[Start of section]

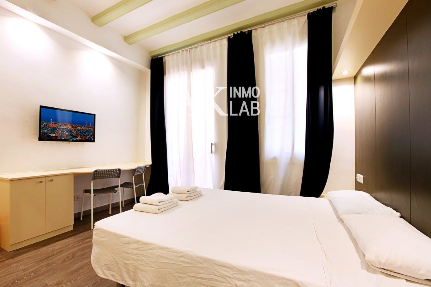 ALQUILER TEMPORAL DE 2 - 11 MESES .. Acogedor complejo residencial formado por habitaciones en suites completamente equipadas que constan de las siguientes características:. - Cama doble. - Baño completo en suite. - Zona escritorio. - Tv plasma. - Nevera individual. - Pequeño balcón. - Internet alta velocidad. - Aire acondicionado. - Finca video vigilancia 24h. - Terraza comunitaria + Zona de lavandería. - Cocina totalmente equipada compartida con el estudio de la misma planta . - No tiene ascensor..Condiciones del alquiler de temporada:..-Alquiler mensual= 720.00 €.-Fianza: 1.5 meses o 2 meses (según el tiempo de estancia según la ley de arrendamiento urbano).-Suministros mensual: 100.00 €.-Gastos de agencia: un mes de alquiler + IVA.-Limpieza Final: 100€ IVA INCLUIDO.-Elaboración de contrato: 100€ IVA INCLUIDO.-Internet: Gratis. .La finca dispone de un total de 8 estudios ubicados de la siguiente manera: en cada planta hay dos totalmente independientes con su baño y balcón propio. La cocina está completamente equipada y se sitúa en el centro de la planta, entre los dos estudios. El acceso a cada planta es exclusivo para los inquilinos de sus estudios correspondientes. La terraza y zona Lavandería está en la planta superior.. La Finca está en el barrio del Raval, Ciutat Vella, muy cerca de las Ramblas, Plaza Cataluña y Plaza Universidad. cerca de transporte, restaurantes, cafés, puntos históricos y bares. . .AKBCN es una empresa Atípica, que gestiona todo tipo de alquileres, alquilamos todo tipo de piso a todo tipo de clientes sin prejuicio ninguno, nos especializamos en pisos totalmente equipados y listos para entrar sin esfuerzo y de igual formar nos dedicamos a todo tipo de duración de contrato. Cuéntanos lo que buscas, lo tenemos todo.
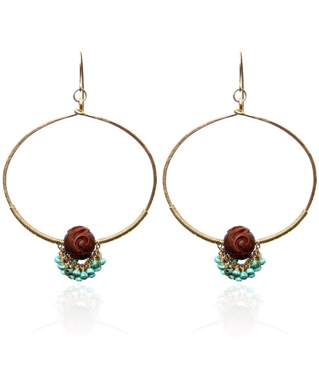 Carved Wood Bead Surrounded by Tiny Turquoise Bead Cluster on Hammered Gold Filled Wide Oval Earrings
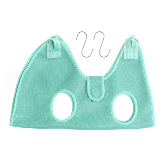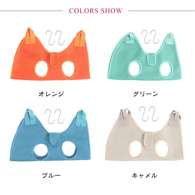 | 【猫・小型犬〜大型犬まで対応】 【グルーミングハンモック】 通気性の良いメッシュ生地を使用 ホール周りはクッション性があり肌にやさしいのが◎ 使用シーン:爪切り、トリミング、目薬、耳掃除 使用方法: ・床や机に本体を広げ ・わんちゃんの脚を4か所の穴に通るようにし ・包み込むような形で両端の輪にS字フックを通し ・持ち上げ、ポールなどにフックをひっかけて準備完了! | |
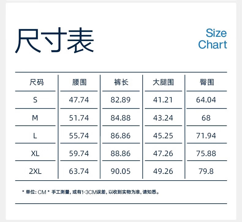 Outseam (cm) 99 cm 101.5 cm 104 cm 106.5 cm 109 cm
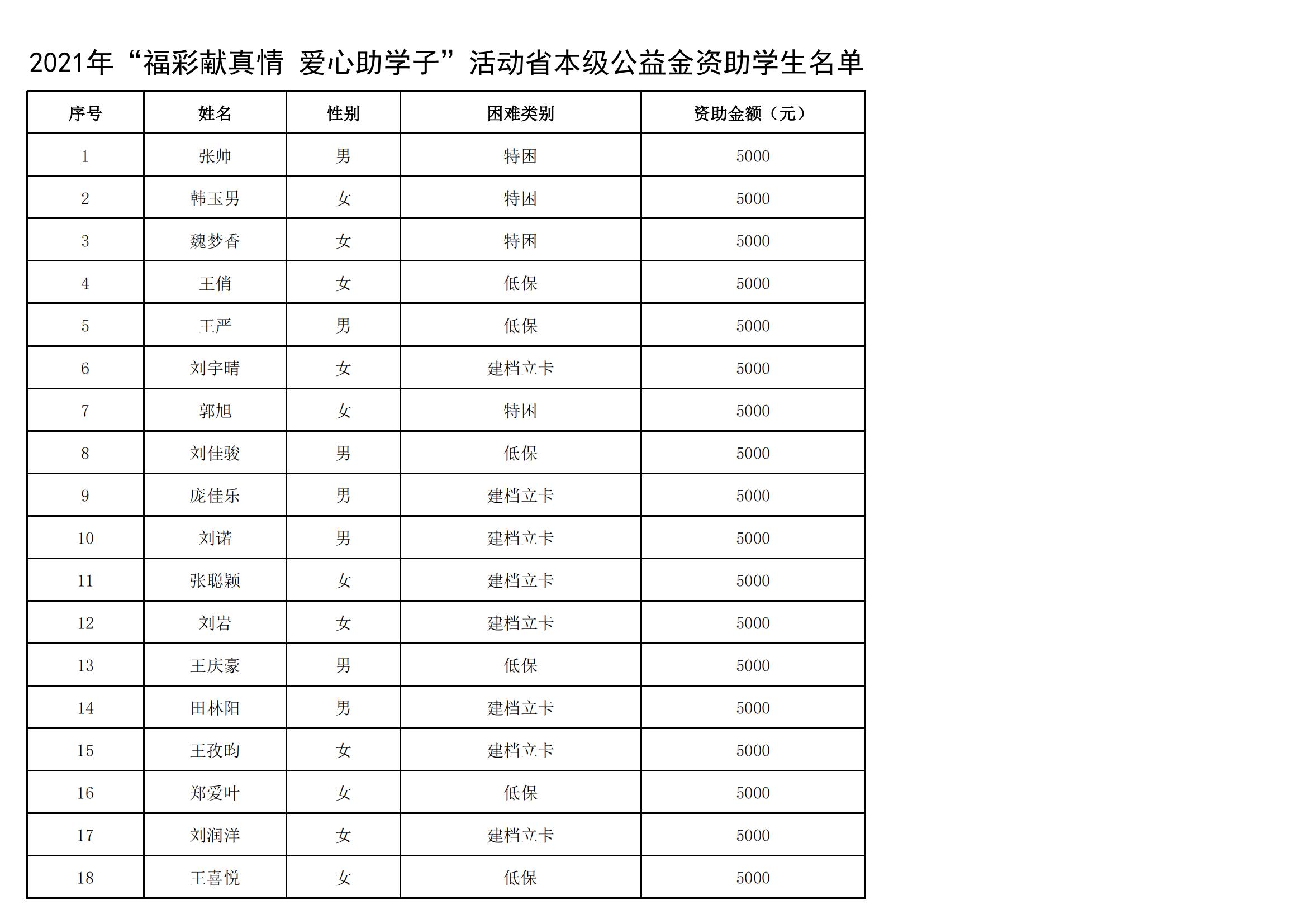 2021年“福彩献真情爱心助学子”活动省本级公益金资助学生名单公示

[End of section]

TASK REQUIREMENTS: Print, without pictures, exactly the lines from the one containing "Carved Wood Bead" through the final line of the records above.

EXERCISE OUTPUT:
 Carved Wood Bead Surrounded by Tiny Turquoise Bead Cluster on Hammered Gold Filled Wide Oval Earrings
 | 【猫・小型犬〜大型犬まで対応】 【グルーミングハンモック】 通気性の良いメッシュ生地を使用 ホール周りはクッション性があり肌にやさしいのが◎ 使用シーン:爪切り、トリミング、目薬、耳掃除 使用方法: ・床や机に本体を広げ ・わんちゃんの脚を4か所の穴に通るようにし ・包み込むような形で両端の輪にS字フックを通し ・持ち上げ、ポールなどにフックをひっかけて準備完了! | |
 Outseam (cm) 99 cm 101.5 cm 104 cm 106.5 cm 109 cm
 2021年“福彩献真情爱心助学子”活动省本级公益金资助学生名单公示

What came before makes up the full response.